**What is expected:** In the entries that follow, the first line to write out is the one containing "5、C:\Windows\S", and the last is the one containing "梁板混凝土工程施工仿真实验". Reproduce that stretch exactly, with nothing before or after it.

**Data shown:**
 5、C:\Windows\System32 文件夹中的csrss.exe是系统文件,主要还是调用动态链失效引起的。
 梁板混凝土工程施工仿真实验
==
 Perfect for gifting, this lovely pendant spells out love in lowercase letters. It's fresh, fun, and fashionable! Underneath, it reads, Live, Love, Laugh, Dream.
...
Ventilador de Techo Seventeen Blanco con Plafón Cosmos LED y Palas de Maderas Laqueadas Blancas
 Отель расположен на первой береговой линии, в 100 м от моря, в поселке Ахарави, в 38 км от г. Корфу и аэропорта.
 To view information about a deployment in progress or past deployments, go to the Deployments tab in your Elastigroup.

**Response to this task:**
 5、C:\Windows\System32 文件夹中的csrss.exe是系统文件,主要还是调用动态链失效引起的。
 梁板混凝土工程施工仿真实验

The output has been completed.